§ **Entries provided**:
☆ ☆ ☆ ☆ ☆ ☆ ☆
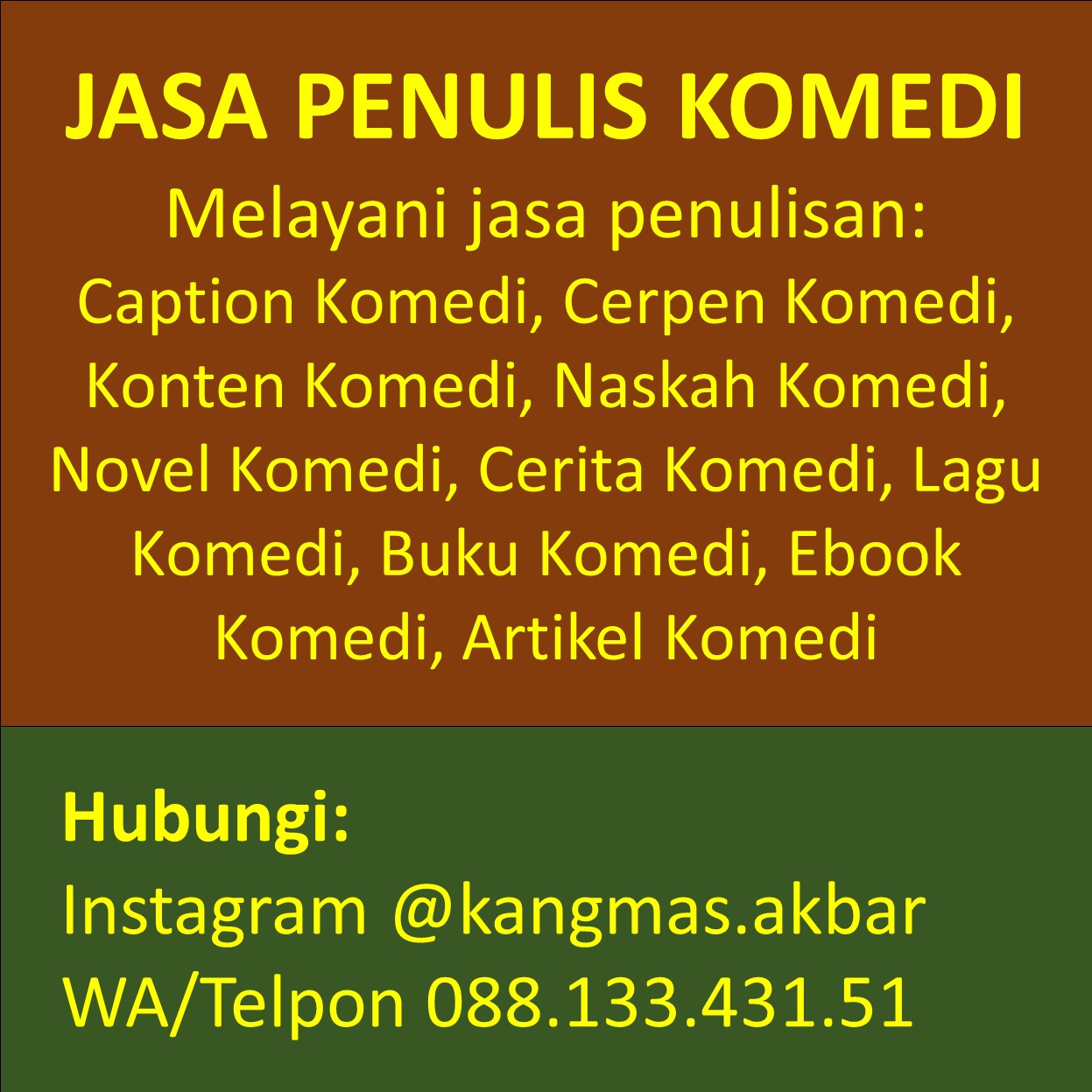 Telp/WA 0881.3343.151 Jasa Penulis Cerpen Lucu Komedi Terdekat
☆ ☆ ☆ ☆ ☆ ☆ ☆
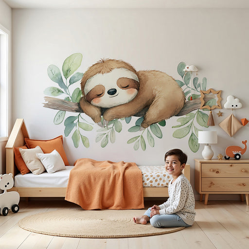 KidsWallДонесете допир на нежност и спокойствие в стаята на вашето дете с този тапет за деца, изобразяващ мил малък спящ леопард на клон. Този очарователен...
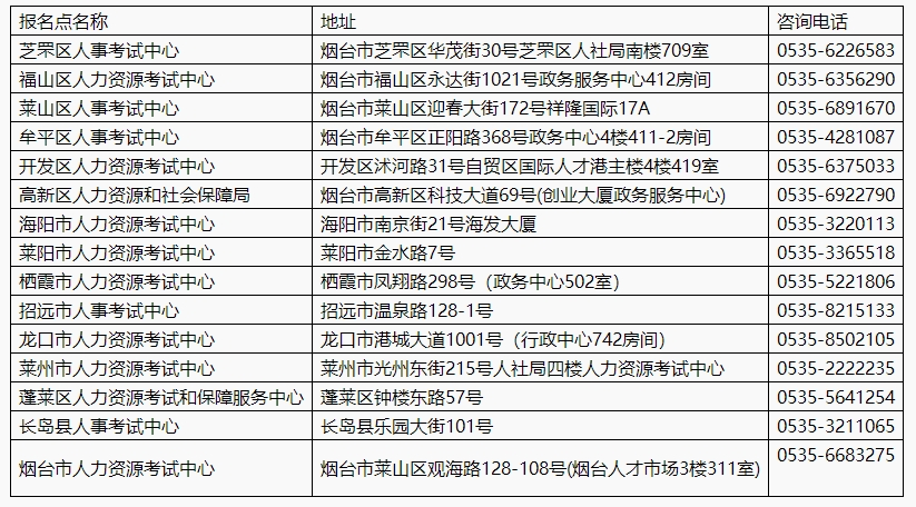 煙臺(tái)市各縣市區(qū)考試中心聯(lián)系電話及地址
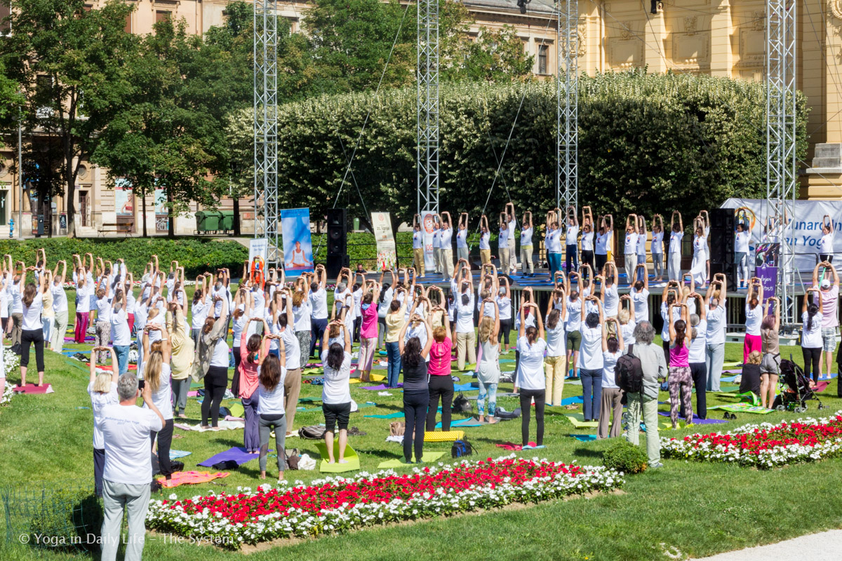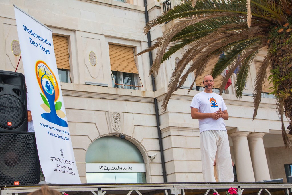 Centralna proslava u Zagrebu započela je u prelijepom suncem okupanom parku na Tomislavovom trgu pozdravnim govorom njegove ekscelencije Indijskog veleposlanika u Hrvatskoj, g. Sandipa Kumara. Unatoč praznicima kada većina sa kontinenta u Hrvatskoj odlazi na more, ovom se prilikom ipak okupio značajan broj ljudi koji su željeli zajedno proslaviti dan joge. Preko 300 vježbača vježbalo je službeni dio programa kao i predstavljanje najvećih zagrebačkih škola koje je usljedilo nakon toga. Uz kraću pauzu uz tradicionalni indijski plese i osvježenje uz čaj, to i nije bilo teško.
☆ ☆ ☆ ☆ ☆ ☆ ☆
§ **Directions for this task**:
Looking at the listing above, which lines run from the one containing "KidsWallДонесете допир на" through the one containing "Centralna proslava u"? Print exactly those, ends included, pictures excluded.

§ **Response**:
 KidsWallДонесете допир на нежност и спокойствие в стаята на вашето дете с този тапет за деца, изобразяващ мил малък спящ леопард на клон. Този очарователен...
 煙臺(tái)市各縣市區(qū)考試中心聯(lián)系電話及地址
 Centralna proslava u Zagrebu započela je u prelijepom suncem okupanom parku na Tomislavovom trgu pozdravnim govorom njegove ekscelencije Indijskog veleposlanika u Hrvatskoj, g. Sandipa Kumara. Unatoč praznicima kada većina sa kontinenta u Hrvatskoj odlazi na more, ovom se prilikom ipak okupio značajan broj ljudi koji su željeli zajedno proslaviti dan joge. Preko 300 vježbača vježbalo je službeni dio programa kao i predstavljanje najvećih zagrebačkih škola koje je usljedilo nakon toga. Uz kraću pauzu uz tradicionalni indijski plese i osvježenje uz čaj, to i nije bilo teško.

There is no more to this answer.